The Texas State Championships are one of the more enjoyable football events at any level of the game. It’s hard to beat the passion and stakes as local communities get a small taste of the gridiron glory they watch in Cowboys’ stadium on Sundays. You get intense play, wild emotional swings, and then there are always the stars of tomorrow on the field.

There were a number of signed Longhorns involved in the 6A Championships between Duncanville and North Shore and Westlake and Denton Guyer.

In the Division 1 matchup between Duncanville and North Shore, signed Texas offensive tackle Cameron Williams and defensive tackle Kristopher-Ryan Ross squared off while Westlake vs Denton Guyer included Texas offensive guard Connor Robertson and defensive end Ethan Burke from Westlake along with 2023 target Jaden Greathouse.

There were other prominent recruits playing as well of course. Guyer has a number of Power 5 signees while North Shore had 5-star cornerback Denver Harris, Duncanville had 4-star defensive end Omari Abor, and Westlake was quarterbacked by now 5-star ranked Cade Klubnik.

I’ve always believed the best way to get a sense of who these players really are is to watch how they fit into their team’s concept in full games. Here’s what could be gleaned from doing so for these players.

Duncanville vs North Shore

This was the third part in a trilogy of Duncanville vs North Shore battles, interrupted in 2020 by Southlake Carroll and Westlake. Unlike your typical fight trilogy, this has been a clean sweep. North Shore edged out Ja’Quinden Jackson in 2018 on a last minute Hail Mary by sophomore Dematrius Davis with time expiring. In 2019 Jackson tore his knee in the semifinal and the D-Vile Panthers missed out on a chance for revenge when they had to start a freshman quarterback in his place.

This looked like a great year for Coach Reginald Samples and the Panthers to finally overthrow the Mustangs’ rule.

North Shore had a clearly strong, veteran offensive line but without a Power 5 star among them and then freshman quarterback Kaleb Bailey at the helm. Duncanville had seniors Jaylen Early (Ohio State) and Cameron Williams (Texas) at tackle, seniors Omari Abor and Quincy Wright (Arkansas) on the D-line, and seniors Solomon James (quarterback) and Malachi Medlock (running back) in the offensive backfield.

However freshman Kaleb Bailey out-played his senior counterpart. He was 10-13 passing, including a deep post to David Amador for a touchdown which made the game 17-10. He threw for 107 yards at 8.2 ypa with two touchdown passes and zero picks to go along with 54 rushing yards at 3.9 ypc (including three sacks).

On Duncanville’s drive after the long touchdown pass, James was picked while under pressure trying to respond. The Duncanville passing game offered them next to nothing in this game. They had 191 yards of total offense on the day against North Shore’s aggressive press-quarters scheme and 112 of those were from running back Malachi Medlock, seen below running outside zone behind Williams.

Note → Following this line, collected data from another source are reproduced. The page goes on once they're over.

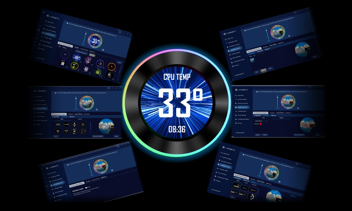 Wyświetlaj wartości czujników na żywo, animowane motywy, a nawet krótkie pliki MP4 na centralnym wyświetlaczu IPS. Sterowanie odbywa się bezprzewodowo za pomocą kontrolera L-Wireless lub przez USB za pomocą L-Connect 3 – nie ma potrzeby ponownego podłączania ani instalowania oprogramowania.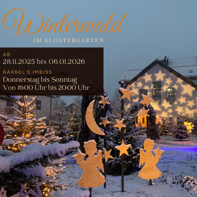 Winterwald im Klostergarten in Immenstadt lädt an vier Tagen pro Woche zum winterlichen Verweilen ein: Donnerstag bis Sonntag, jeweils von 16:00 bis 20:00 Uhr, ist Bärbel’s Imbiss geöffnet und versorgt Spaziergänger:innen und Besucher:innen mit wärmenden Speisen und Getränken. Auf der Karte stehen hausgemachter Punsch, Glühwein, deftige Suppen, Bratwurst – und auf Vorbestellung eine frische Forelle 🧤🍲🍷.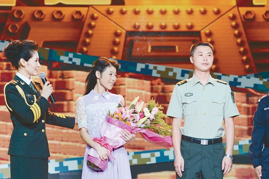 由基層官兵表演的戰士舞蹈《士兵腳步》,從部隊日常訓練中提煉舞蹈語匯,高度一致、瀟灑利落的戰斗動作,表現出基層新一代官兵的風貌和矢志打贏的信念。晚會還精心編排了兩組特色鮮明的軍歌聯唱。一組是紅色經典:《歌唱二郎山》《毛主席的戰士最聽黨的話》《我為偉大祖國站崗》;另一組歌唱軍營故事和火熱情感:《軍人的名字是第一》《邊關軍魂》《當兵的歷史》。在這個軍人的節日里,圓滿完成了神舟十號飛船載人航天任務的三位英雄航天員聶海勝、張曉光、王亞平將代表奮戰在航天事業的廣大部隊指戰員向全軍戰友致以節日的敬禮和誠摯的問候。
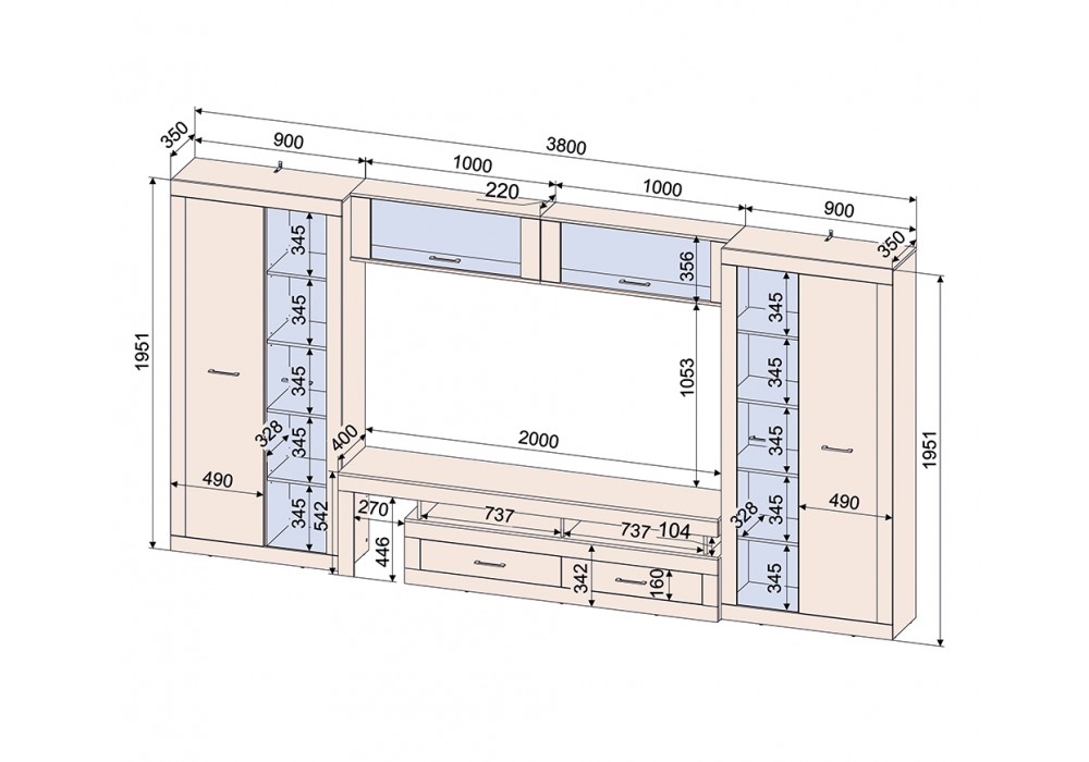 Размер: 4100x396x2000 мм. Материал: ЛДСП.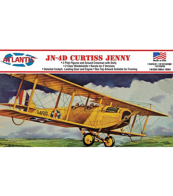 1/48 Scale. Features 2 Pilots with ground crewman and dolly, detailed engine, cockpit and landing gear. 2 decal options including scheme from the Aurora Barnstormers. Molded in Metallic barstormers Green color. Classic boxart by Ray Gaedke. Officially Licensed.Please note: the 2 very small clear parts are in the main bag of parts. Check the bag carefully and set them aside to assure you do not lose them.The Curtiss JN "Jenny" was a series of biplanes built by the Curtiss Aeroplane Company of Hammondsport, New York beginning in 1915. Although the Curtiss JN series was originally produced as a trainingaircraft for the US Army, the "Jenny" (the common nickname derived from "JN") continued after World War I as a civil aircraft, and it became the backbone of American postwar civil aviation. Pilots foundthe Jenny's stability and slow speed made it ideal for stunt flyingand aerobatic displays in the barnstorming era. Many Jenny's have been restored and are on display in Air Museums all across the nation.

James was 10-18 on the day for 74 yards at 4.1 ypa with zero touchdowns and the late pick along with three rushing yards (sacked three times and had nine other carries).

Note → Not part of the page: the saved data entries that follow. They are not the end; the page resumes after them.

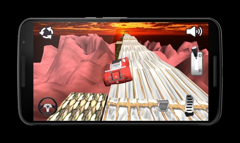 this game contain 4 important things: an accelerator and a brake pedal in the right of the screen, a Steering wheel in the lift also a transmission speed for moving forward or backward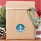 Um simples adesivo de Natal com nome, ocasião e encontro com uma cruz branca. O design das ondas oceânicas destinava-se originalmente ao batismo adulto, mas também era adequado para o batismo criança ou para o Natal.
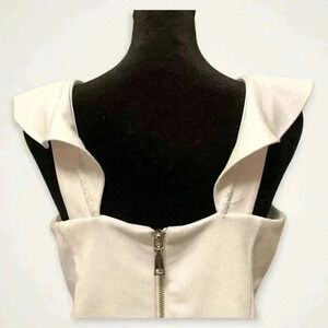 bar III Corset style Ruffled V-Neck Structured White Zipper Back Feminine Top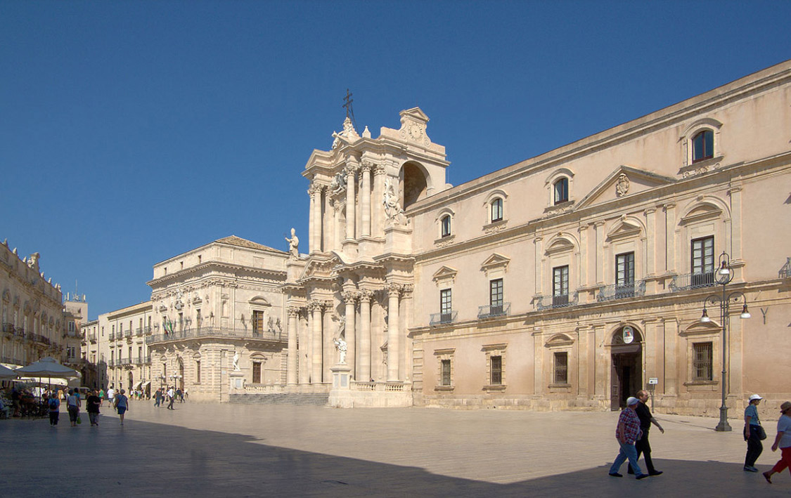 An outstanding sight in Syracuse is the Cathedral of Santa Maria delle Colonne, with the remains of the Greek Temple of Athena within. The magnificent Cathedral Square in Syracuse, surrounded by baroque palaces. Along the way to the cathedral, charming cafés and interesting markets invite you to linger.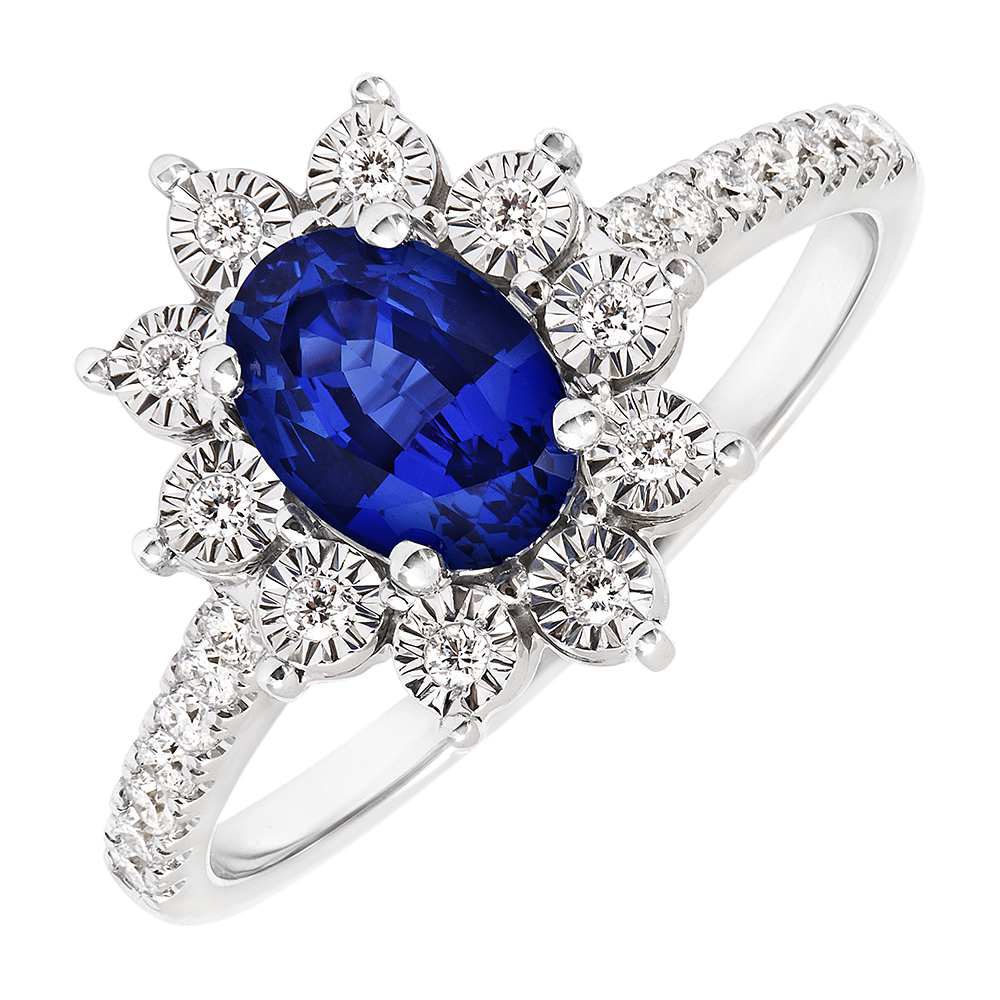 Wieczny Pierścionek Edelweiss - Daisy Chic - Białe Złoto 9k - Szafir i Syntetyczny Diament

The disparity there was essentially the game, although Duncanville threw in consecutive bad penalties on punts late in the game to help ice it for North Shore. Here’s how North Shore often lined up in their scheme:

The outside linebackers are on the edge boxing everything in, the safeties are just six yards deep, and the cornerbacks are in press-man. You’re not making headway unless you can run on an eight-man front or can beat them in coverage outside.

Future Longhorns Williams and Ross both had solid days but neither could control the game. Ross helped bottle up the interior Duncanville run game while runs behind Williams made up the majority of Duncanville’s offense.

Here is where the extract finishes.